Not sure which would be better in that case. I did try replacing Swish with Mish using pre-trained weights and that seemed to work well from minimal tests. I didn’t do anything special in terms of freezing or LRs.
But may not work so well from ReLU. But don’t think it’s that dissimilar in terms of general output range at least.
I gather the idea of the various initialisation procedures is to choose random initial weights that give similar activation ranges to those you’d find in a pretrained model. In which case presumably pretrained weights shouldn’t be any worse, only potentially better (given there is no special init handling for Mish).

Perhaps a bit of extra care around initial training would also help. Trying to ensure the previous learning is preserved rather than a poor step early on changing too much. Maybe training for a few iterations with everything but the batchnorms frozen (the default if you freeze the entire model in fastai). I wouldn’t think you’d need much to update the BNs, probably not even a full epoch assuming a reasonable dataset size. Then maybe a lower LR for a little bit, again maybe even less than an epoch. You could do both of those by using a warmup schedule from 0 over the first epoch (at least if testing suggested it was likely to be worthwhile).

2 Likes

UPDATE:
Lost results of my initial tests due to some Jupyterlab issues (lost connection then it went a bit feral). But got some information from the partial results and have re-run a more selective set of tests. Just testing various setting with 1-cycle not the schedulers. Some promise with schedulers but need some more work there as think you really want differential learning rates across layer groups but not sure that will work with the schedulers.
I’ve updated the notebook (note it won’t run and produce those results but all the code for them is there). Tables and graphs at the end show main results.
Not shown in these results is the very poor performance if you don’t first train the classifier with the body frozen. I initially missed this and while ReLU also suffered quite a lot this really affected the cases with Mish.

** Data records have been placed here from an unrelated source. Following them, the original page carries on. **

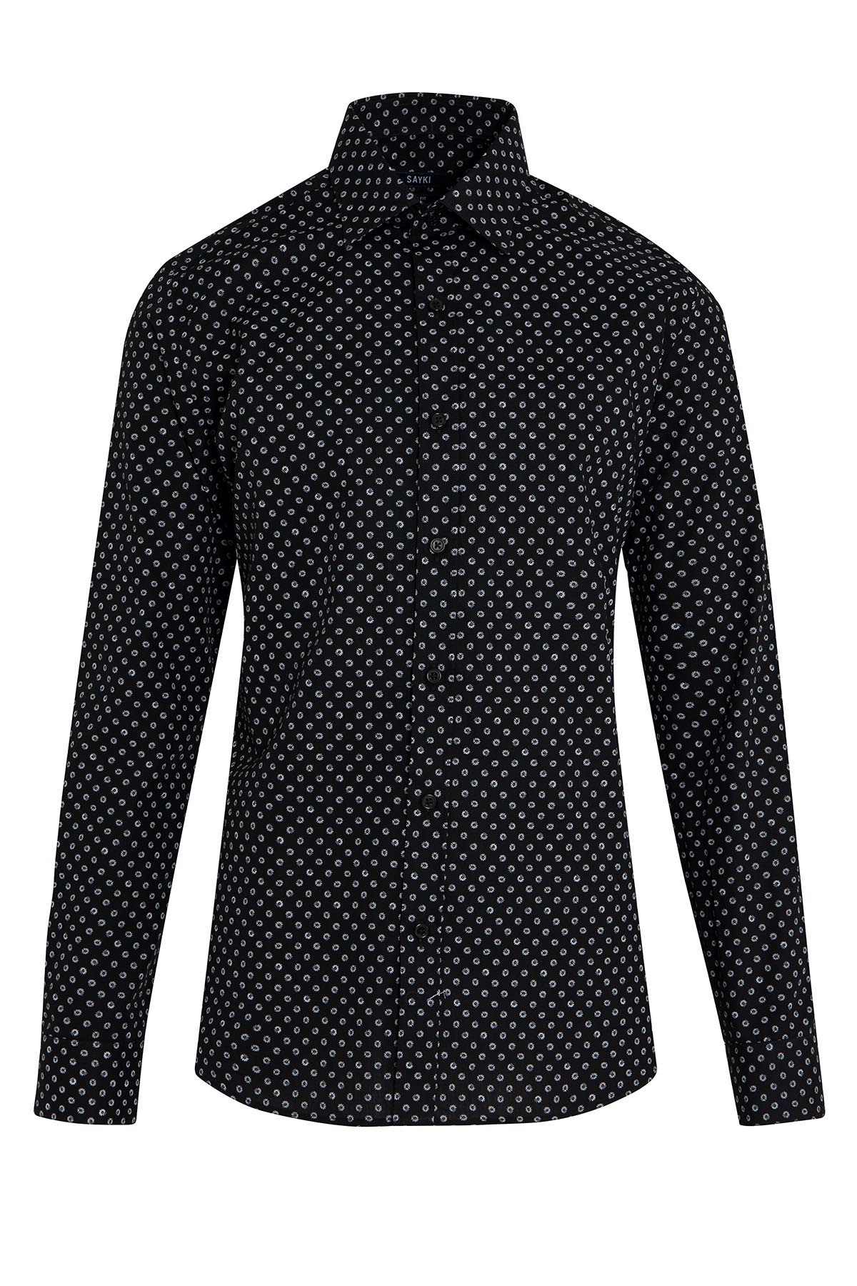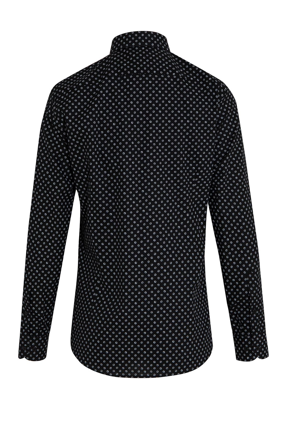 Siyah Slim Fit Baskılı 100% Pamuk Slim Yaka Uzun Kollu Casual Gömlek
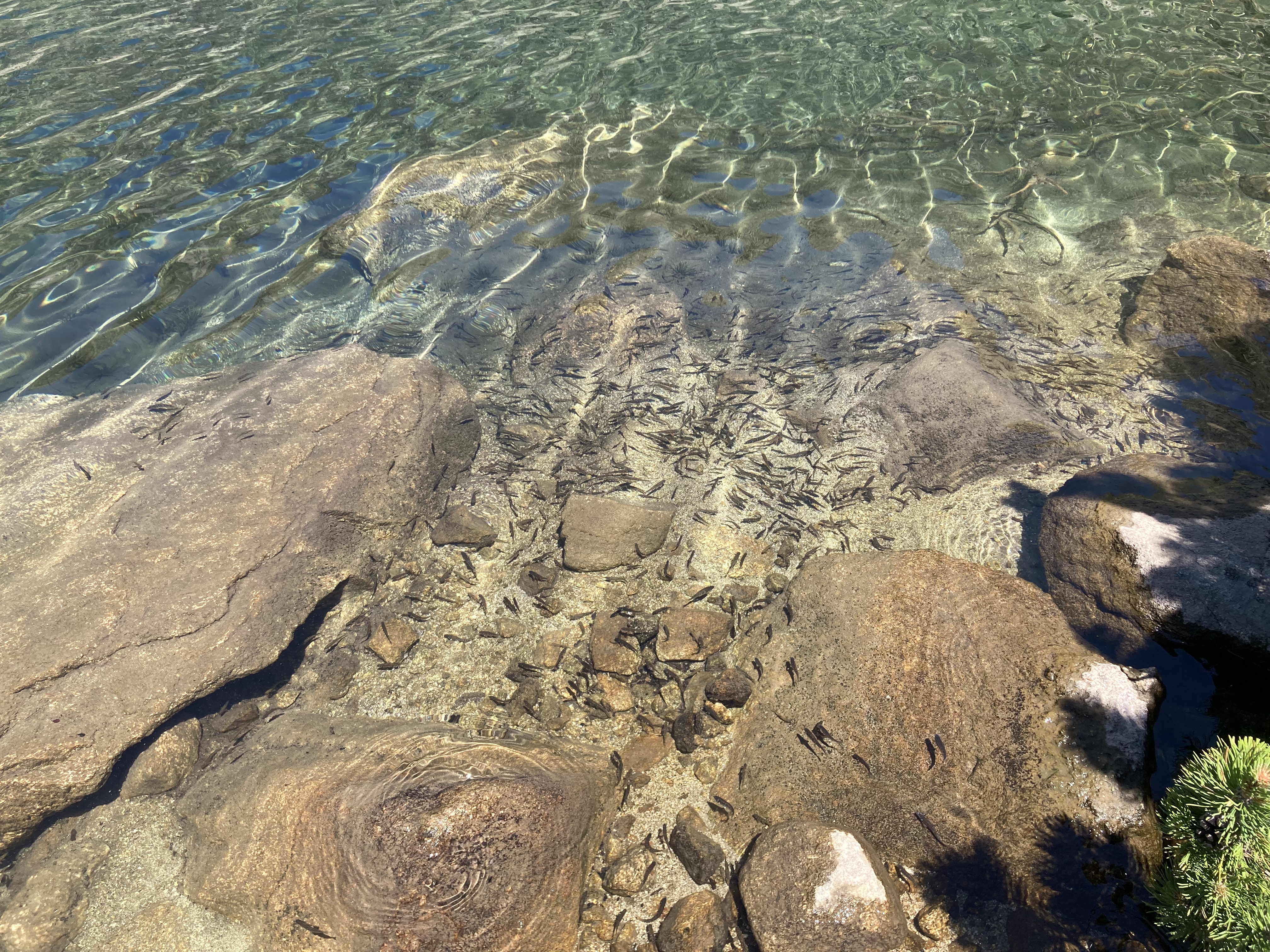 Siguiendo, ahora ya sí, por un sendero (y siguiendo corriente arriba el recorrido de las aguas), está el Estany Redó (el lago redondo, para que nos entendamos), más discreto, más elevado, más escondido, y rodeado de paredes grises tiznadas de negro. Es aquí donde paro a comer, mirando las «manadas» de peces diminutos (¿esto se llama también cardumen?). Me llama la atención cómo su movimiento apacible se vuelve a veces espasmódico, como si todo el grupo hubiera recibido alguna suerte de descarga eléctrica, o como si respondiera, rapidísima y coordinadamente, a las instrucciones de una directora de orquesta invisible.
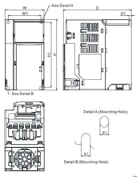 | Dimensions | Delta VFD4A2MS53ANSAA Dimensions |
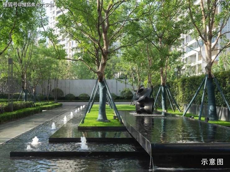 菲郦雅院的园区景观设计,同样体现了法式建筑的经典美学。经典的法式中轴对称的十字景观轴,串联起四大主题空间:“寻溪如林、穿林听风、林野赏境、觅林童趣、沐林归境”的五重景观,穿插儿童游乐场、全龄运动场、轻氧休闲场、城市会客厅等活动空间,动静皆宜。
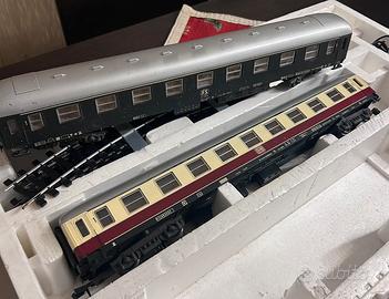 Vendo con scatola originale, n. 2 trenini, binari, alimentatore (no locomotiva)
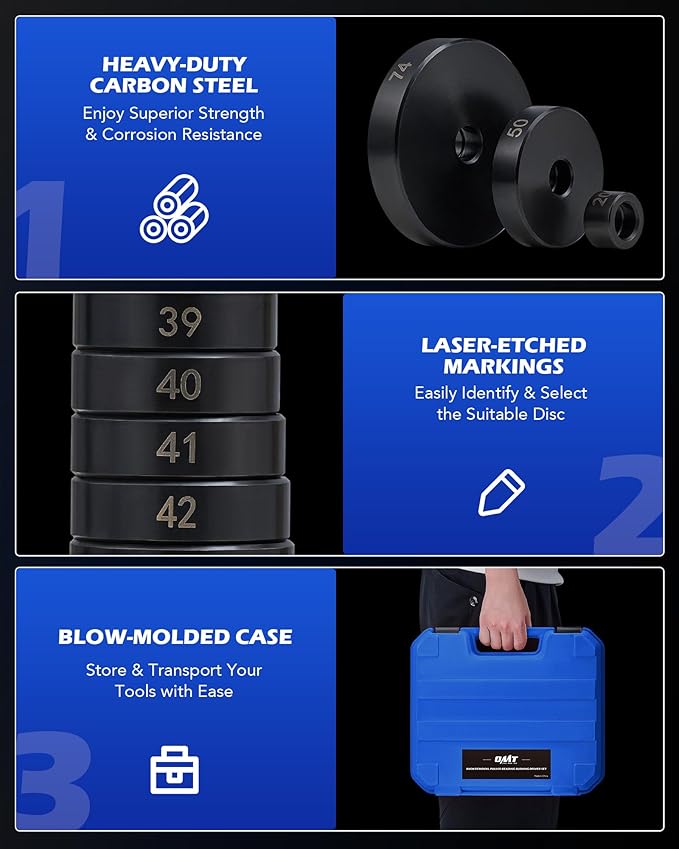 - Custom Case for Easy Storage: The wheel bearing press tool kit includes custom blow-molded cases for neat organization and convenient transport, keeping your tools safe and ready for use

I tried both replacing Mish across all layers from the start (mish_all in the results) with a staged approach (mish_stg) of first replacing Mish in the classifier and just training that, then replacing Mish in the body when you unfreeze and fine-tune. Results here are a bit mixed with probably a slight overall advantage to the non-staged approach. But I think this is largely because I was comparing everything across just 10 epochs, unfreezing at epoch 5. So the staged approach gives a lot less time for the body to adapt.
Differential learning rates seemed to help quite a bit so I compare a couple of settings there. Quite low rates on initial layers do seem to help with the adaptation but there’s a bit of a trade off as this gives less overtall learning. Again this is probably slanted given the short testing time. With more epochs I think these might lead to better final performance.
Tests with a lower learning rate seem to suggest a lower rate can help avoid big drops when you switch, but again likely due to the very limited time they gave worse final results.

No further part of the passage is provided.